▶ EXERCISE DATA
****************
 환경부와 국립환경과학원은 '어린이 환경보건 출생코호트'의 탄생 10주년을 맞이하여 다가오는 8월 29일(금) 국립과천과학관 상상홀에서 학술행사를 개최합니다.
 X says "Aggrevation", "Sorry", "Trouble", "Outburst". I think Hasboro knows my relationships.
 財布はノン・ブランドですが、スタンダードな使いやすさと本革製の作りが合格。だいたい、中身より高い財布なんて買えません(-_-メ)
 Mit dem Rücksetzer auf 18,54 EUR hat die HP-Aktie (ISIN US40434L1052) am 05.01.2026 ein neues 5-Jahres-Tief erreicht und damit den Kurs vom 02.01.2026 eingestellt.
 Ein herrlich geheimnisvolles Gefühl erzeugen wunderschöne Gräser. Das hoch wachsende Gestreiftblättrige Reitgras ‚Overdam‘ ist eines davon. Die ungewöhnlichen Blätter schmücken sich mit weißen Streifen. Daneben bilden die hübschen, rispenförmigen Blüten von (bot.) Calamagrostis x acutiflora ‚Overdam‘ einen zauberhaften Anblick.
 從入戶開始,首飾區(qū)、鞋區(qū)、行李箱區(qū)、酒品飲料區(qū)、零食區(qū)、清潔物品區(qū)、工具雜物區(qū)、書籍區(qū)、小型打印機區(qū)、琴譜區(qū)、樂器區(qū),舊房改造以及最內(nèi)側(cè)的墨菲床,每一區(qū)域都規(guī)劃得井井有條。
****************
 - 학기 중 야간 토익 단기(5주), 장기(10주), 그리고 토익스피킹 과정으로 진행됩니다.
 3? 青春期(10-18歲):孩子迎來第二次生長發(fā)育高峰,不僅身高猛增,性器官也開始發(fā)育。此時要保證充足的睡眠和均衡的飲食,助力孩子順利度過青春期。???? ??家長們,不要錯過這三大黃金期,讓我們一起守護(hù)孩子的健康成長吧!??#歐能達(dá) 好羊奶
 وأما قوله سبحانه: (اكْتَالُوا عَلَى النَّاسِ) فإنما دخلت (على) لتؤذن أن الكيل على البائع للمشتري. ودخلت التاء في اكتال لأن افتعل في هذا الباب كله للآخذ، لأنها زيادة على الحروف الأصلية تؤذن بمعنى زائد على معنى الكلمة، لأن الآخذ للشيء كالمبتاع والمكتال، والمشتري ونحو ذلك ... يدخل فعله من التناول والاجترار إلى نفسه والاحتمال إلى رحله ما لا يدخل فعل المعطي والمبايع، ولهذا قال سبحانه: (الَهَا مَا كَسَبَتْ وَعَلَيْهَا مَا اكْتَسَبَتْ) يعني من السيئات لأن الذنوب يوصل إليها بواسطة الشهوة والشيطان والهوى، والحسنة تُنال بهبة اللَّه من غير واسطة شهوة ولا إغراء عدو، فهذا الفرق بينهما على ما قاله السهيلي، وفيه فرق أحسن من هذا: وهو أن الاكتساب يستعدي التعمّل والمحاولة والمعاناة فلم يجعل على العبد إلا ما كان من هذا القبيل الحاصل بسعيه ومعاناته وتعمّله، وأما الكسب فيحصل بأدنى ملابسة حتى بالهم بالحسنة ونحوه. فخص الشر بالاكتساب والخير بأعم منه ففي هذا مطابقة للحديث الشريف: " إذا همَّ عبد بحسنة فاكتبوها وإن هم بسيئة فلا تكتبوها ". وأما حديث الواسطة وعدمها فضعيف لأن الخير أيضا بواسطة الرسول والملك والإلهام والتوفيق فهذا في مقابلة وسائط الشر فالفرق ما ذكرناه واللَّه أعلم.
****************
▶ YOUR ASSIGNMENT
Reproduce, character for character, only the lines of the preceding data that start at the line with "Ein herrlich geheimnisvolles" and end at the line with "從入戶開始,首飾區(qū)、", both included.

▶ SOLUTION TO THE EXERCISE
 Ein herrlich geheimnisvolles Gefühl erzeugen wunderschöne Gräser. Das hoch wachsende Gestreiftblättrige Reitgras ‚Overdam‘ ist eines davon. Die ungewöhnlichen Blätter schmücken sich mit weißen Streifen. Daneben bilden die hübschen, rispenförmigen Blüten von (bot.) Calamagrostis x acutiflora ‚Overdam‘ einen zauberhaften Anblick.
 從入戶開始,首飾區(qū)、鞋區(qū)、行李箱區(qū)、酒品飲料區(qū)、零食區(qū)、清潔物品區(qū)、工具雜物區(qū)、書籍區(qū)、小型打印機區(qū)、琴譜區(qū)、樂器區(qū),舊房改造以及最內(nèi)側(cè)的墨菲床,每一區(qū)域都規(guī)劃得井井有條。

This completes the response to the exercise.